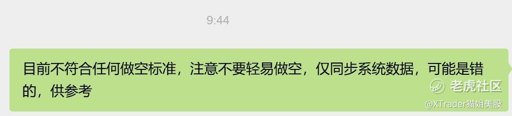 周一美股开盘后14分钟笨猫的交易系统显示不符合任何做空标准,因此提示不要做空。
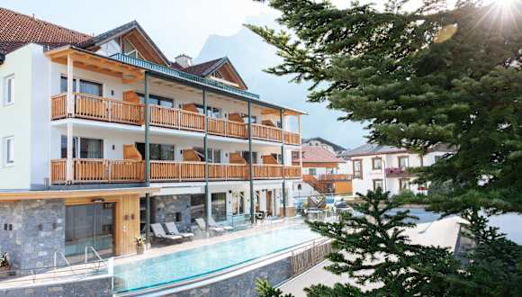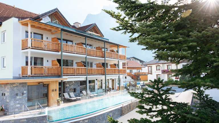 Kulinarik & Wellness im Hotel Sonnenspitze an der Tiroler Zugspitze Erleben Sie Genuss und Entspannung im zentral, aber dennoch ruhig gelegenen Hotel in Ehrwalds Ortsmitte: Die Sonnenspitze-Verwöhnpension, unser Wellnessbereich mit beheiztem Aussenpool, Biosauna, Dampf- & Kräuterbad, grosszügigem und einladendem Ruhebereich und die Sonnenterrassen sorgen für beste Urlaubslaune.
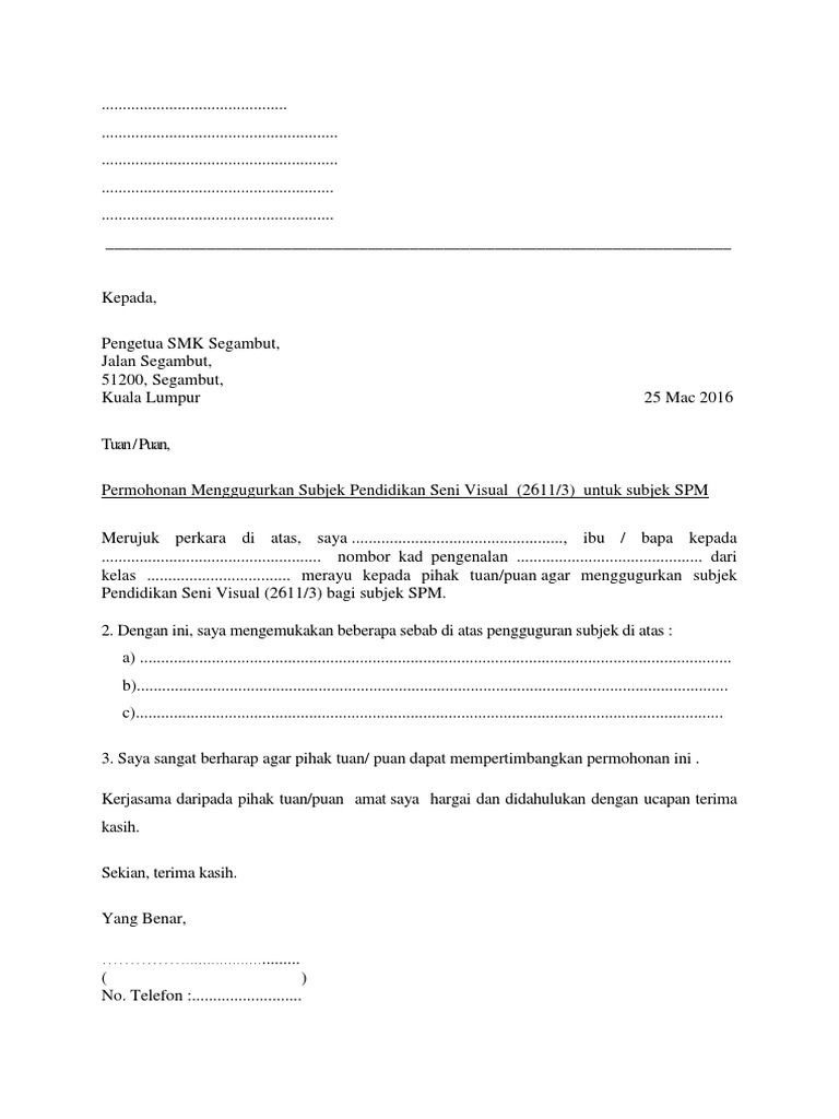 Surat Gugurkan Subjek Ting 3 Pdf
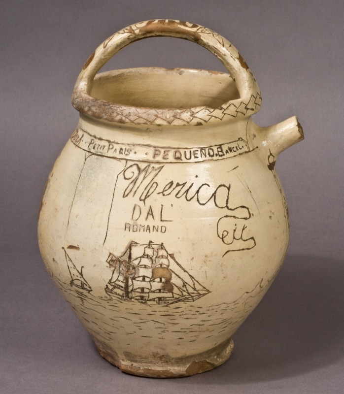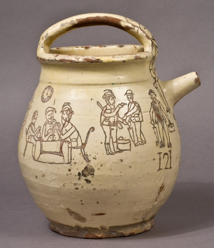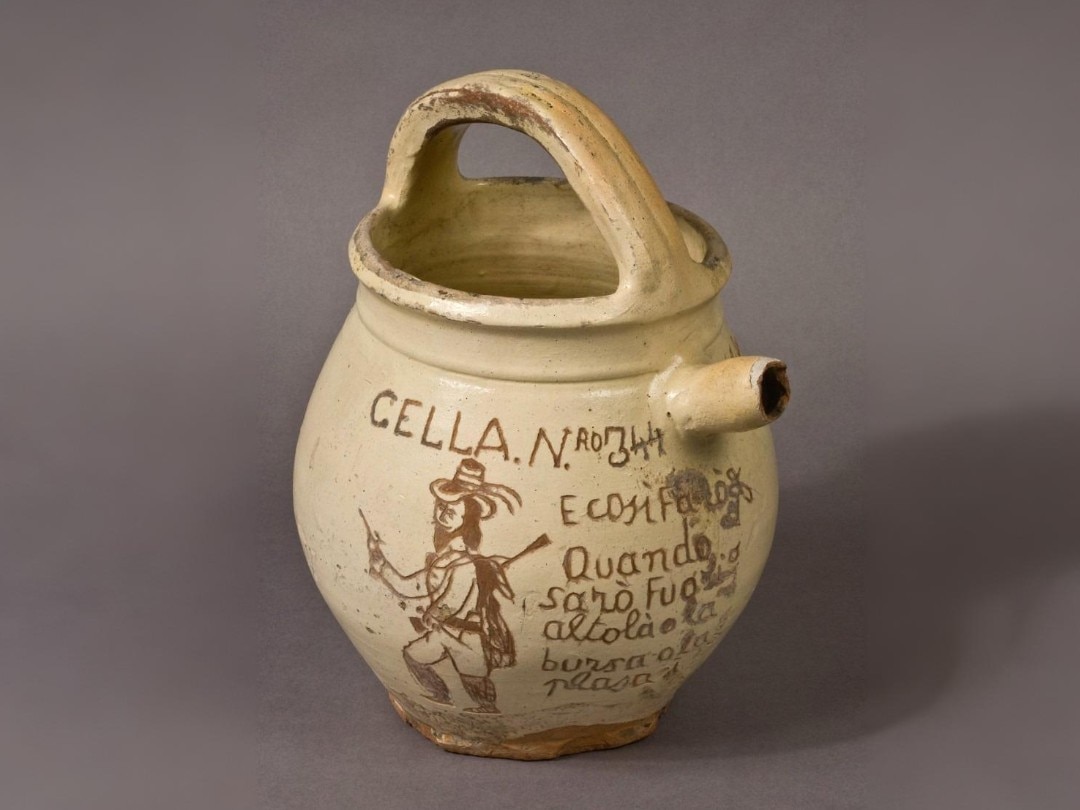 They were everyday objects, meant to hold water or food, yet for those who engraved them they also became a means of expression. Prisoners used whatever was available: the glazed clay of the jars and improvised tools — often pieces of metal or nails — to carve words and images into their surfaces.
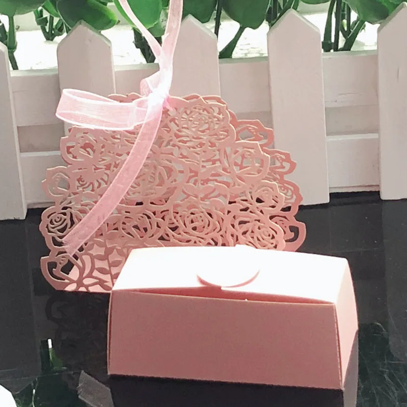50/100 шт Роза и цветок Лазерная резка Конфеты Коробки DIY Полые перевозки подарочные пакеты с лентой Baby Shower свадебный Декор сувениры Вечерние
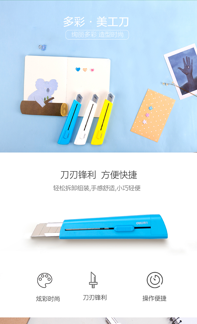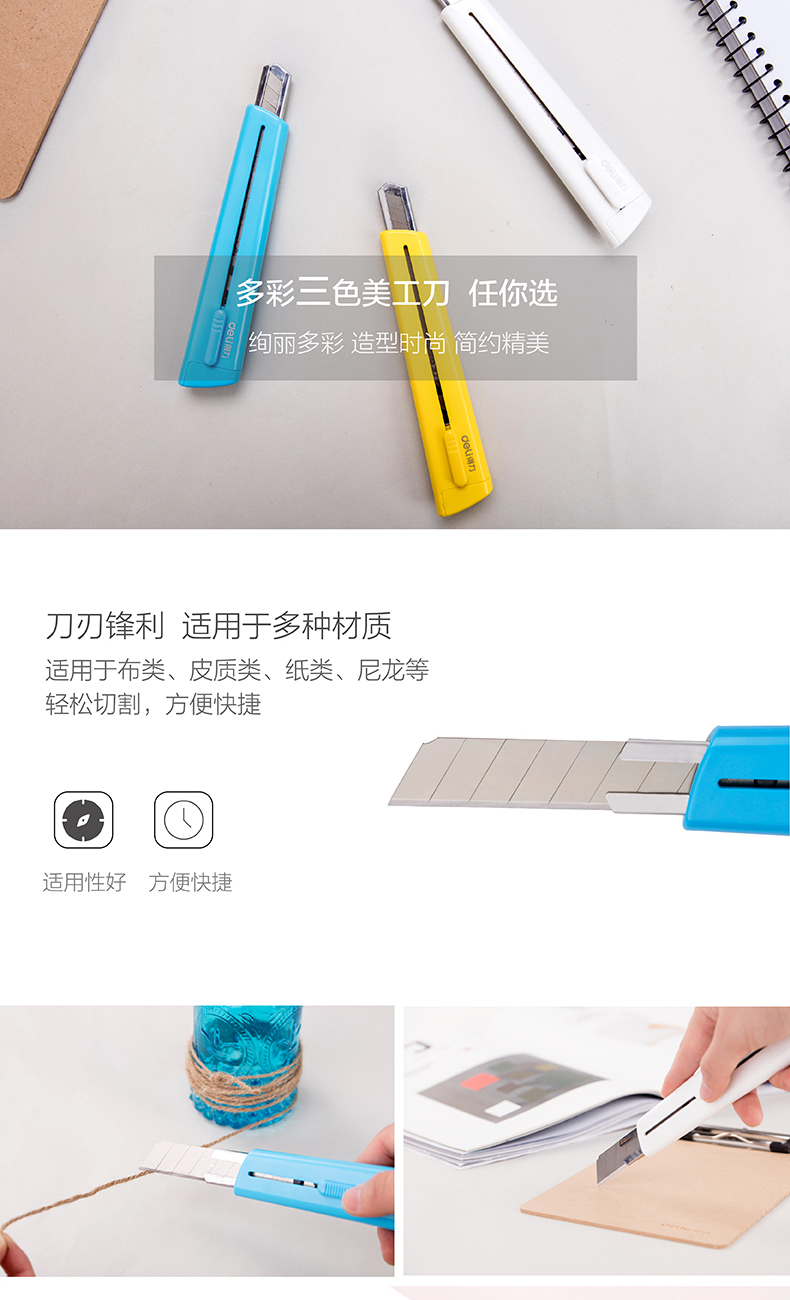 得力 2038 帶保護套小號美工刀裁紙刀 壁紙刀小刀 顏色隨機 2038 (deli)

==

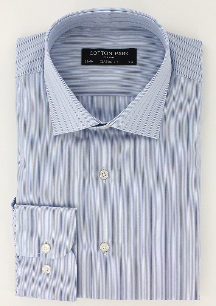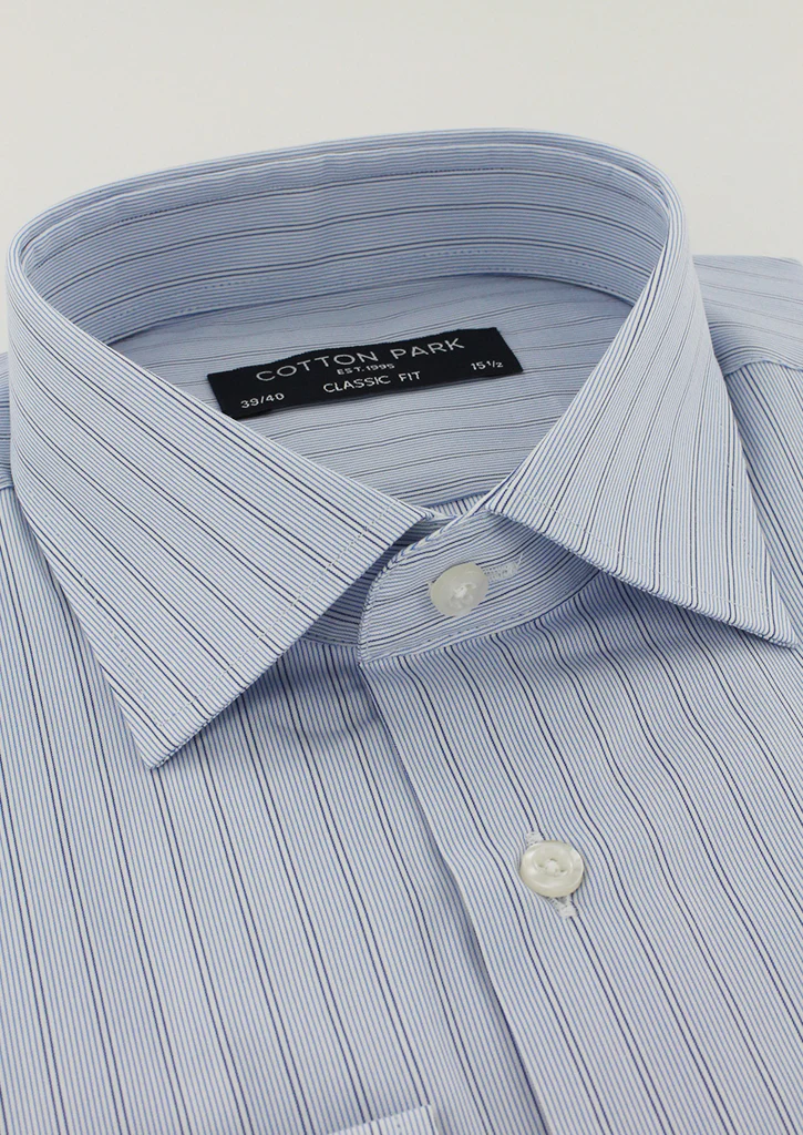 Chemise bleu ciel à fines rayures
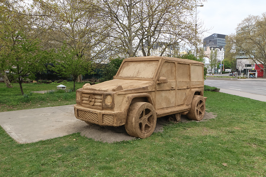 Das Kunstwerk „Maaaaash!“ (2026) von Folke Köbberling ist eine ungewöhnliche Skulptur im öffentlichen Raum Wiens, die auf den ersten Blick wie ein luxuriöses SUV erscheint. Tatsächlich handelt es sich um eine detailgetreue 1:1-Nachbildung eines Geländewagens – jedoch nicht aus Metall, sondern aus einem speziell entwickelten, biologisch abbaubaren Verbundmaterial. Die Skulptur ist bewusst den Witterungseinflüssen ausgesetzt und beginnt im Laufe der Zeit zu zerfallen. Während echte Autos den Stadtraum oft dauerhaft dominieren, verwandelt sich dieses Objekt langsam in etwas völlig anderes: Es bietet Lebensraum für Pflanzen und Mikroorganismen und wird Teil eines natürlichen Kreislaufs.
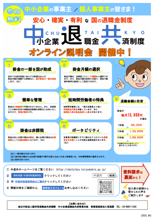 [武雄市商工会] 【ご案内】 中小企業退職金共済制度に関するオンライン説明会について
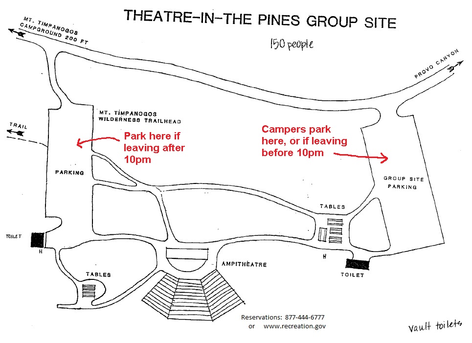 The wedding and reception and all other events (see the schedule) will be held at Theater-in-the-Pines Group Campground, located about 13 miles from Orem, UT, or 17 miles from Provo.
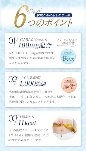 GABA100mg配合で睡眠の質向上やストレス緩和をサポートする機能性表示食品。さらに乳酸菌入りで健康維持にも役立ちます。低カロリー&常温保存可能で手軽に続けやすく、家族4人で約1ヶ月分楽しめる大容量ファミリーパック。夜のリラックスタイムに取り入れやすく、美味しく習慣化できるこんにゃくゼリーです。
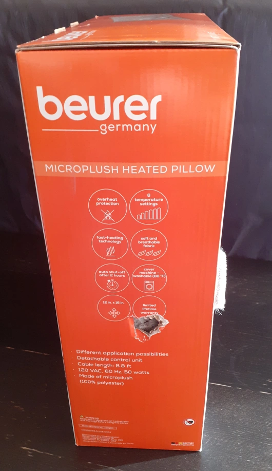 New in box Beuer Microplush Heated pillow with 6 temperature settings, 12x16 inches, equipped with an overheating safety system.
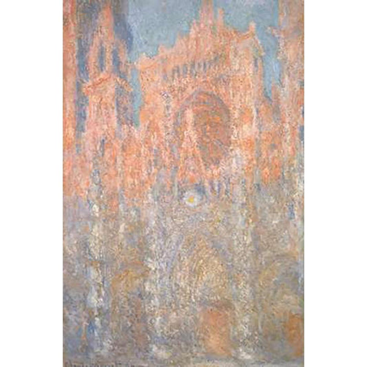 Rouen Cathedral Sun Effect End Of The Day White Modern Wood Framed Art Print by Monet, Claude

** PROBLEM TO WORK ON **
From the records above, transcribe only the stretch from the line with "The wedding and" through the line with "GABA100mg配合で睡眠", keeping both ends. Omit pictures.

** THE COMPLETED TASK **
 The wedding and reception and all other events (see the schedule) will be held at Theater-in-the-Pines Group Campground, located about 13 miles from Orem, UT, or 17 miles from Provo.
 GABA100mg配合で睡眠の質向上やストレス緩和をサポートする機能性表示食品。さらに乳酸菌入りで健康維持にも役立ちます。低カロリー&常温保存可能で手軽に続けやすく、家族4人で約1ヶ月分楽しめる大容量ファミリーパック。夜のリラックスタイムに取り入れやすく、美味しく習慣化できるこんにゃくゼリーです。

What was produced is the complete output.